*** SOURCE RECORDS Section Begins ***

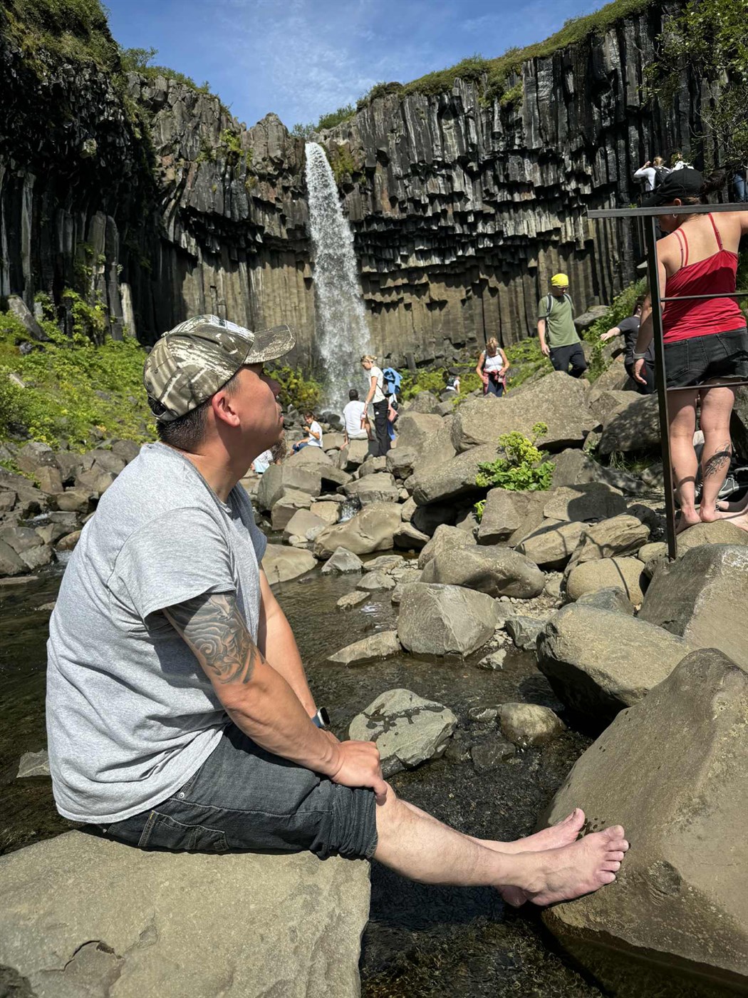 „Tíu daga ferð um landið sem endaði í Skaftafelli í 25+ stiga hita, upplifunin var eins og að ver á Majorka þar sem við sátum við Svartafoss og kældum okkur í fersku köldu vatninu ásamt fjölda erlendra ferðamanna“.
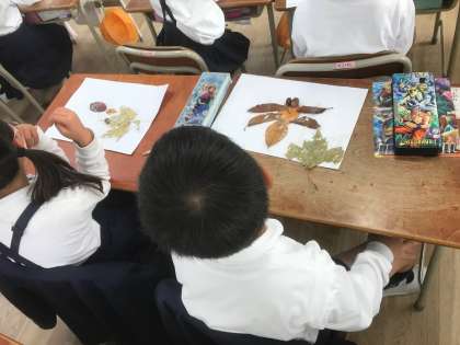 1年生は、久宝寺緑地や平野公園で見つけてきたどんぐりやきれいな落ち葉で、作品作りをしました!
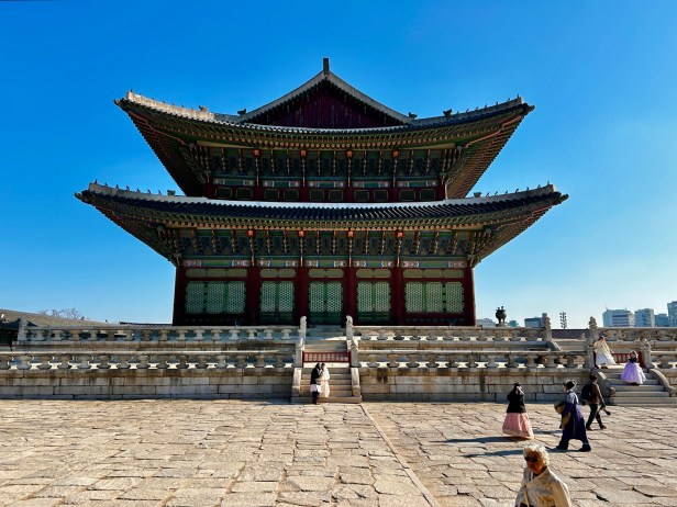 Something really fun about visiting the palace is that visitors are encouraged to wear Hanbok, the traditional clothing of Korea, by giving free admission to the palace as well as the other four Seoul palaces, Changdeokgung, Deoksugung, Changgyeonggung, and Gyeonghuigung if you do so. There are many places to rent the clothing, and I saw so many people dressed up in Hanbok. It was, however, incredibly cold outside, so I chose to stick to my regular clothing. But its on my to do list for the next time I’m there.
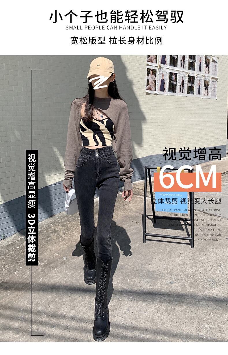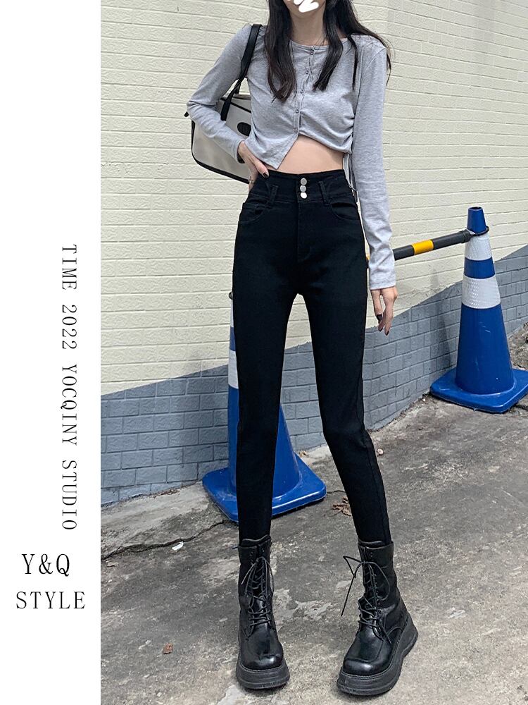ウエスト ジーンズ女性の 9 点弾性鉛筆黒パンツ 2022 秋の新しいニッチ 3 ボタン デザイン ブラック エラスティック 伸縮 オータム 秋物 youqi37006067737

*** SOURCE RECORDS Section Ends ***
*** SOURCE RECORDS Section Begins ***

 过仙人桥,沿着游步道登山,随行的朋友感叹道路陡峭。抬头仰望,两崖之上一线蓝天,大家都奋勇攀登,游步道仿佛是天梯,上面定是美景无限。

*** SOURCE RECORDS Section Ends ***

-- TASK REQUIREMENTS --
Although pictures appear among the entries, please set down only the lines from the one with "daga ferð um" up to and including the one with "ウエスト ジーンズ女性の 9", word for word.

-- RESULT --
 „Tíu daga ferð um landið sem endaði í Skaftafelli í 25+ stiga hita, upplifunin var eins og að ver á Majorka þar sem við sátum við Svartafoss og kældum okkur í fersku köldu vatninu ásamt fjölda erlendra ferðamanna“.
 1年生は、久宝寺緑地や平野公園で見つけてきたどんぐりやきれいな落ち葉で、作品作りをしました!
 Something really fun about visiting the palace is that visitors are encouraged to wear Hanbok, the traditional clothing of Korea, by giving free admission to the palace as well as the other four Seoul palaces, Changdeokgung, Deoksugung, Changgyeonggung, and Gyeonghuigung if you do so. There are many places to rent the clothing, and I saw so many people dressed up in Hanbok. It was, however, incredibly cold outside, so I chose to stick to my regular clothing. But its on my to do list for the next time I’m there.
ウエスト ジーンズ女性の 9 点弾性鉛筆黒パンツ 2022 秋の新しいニッチ 3 ボタン デザイン ブラック エラスティック 伸縮 オータム 秋物 youqi37006067737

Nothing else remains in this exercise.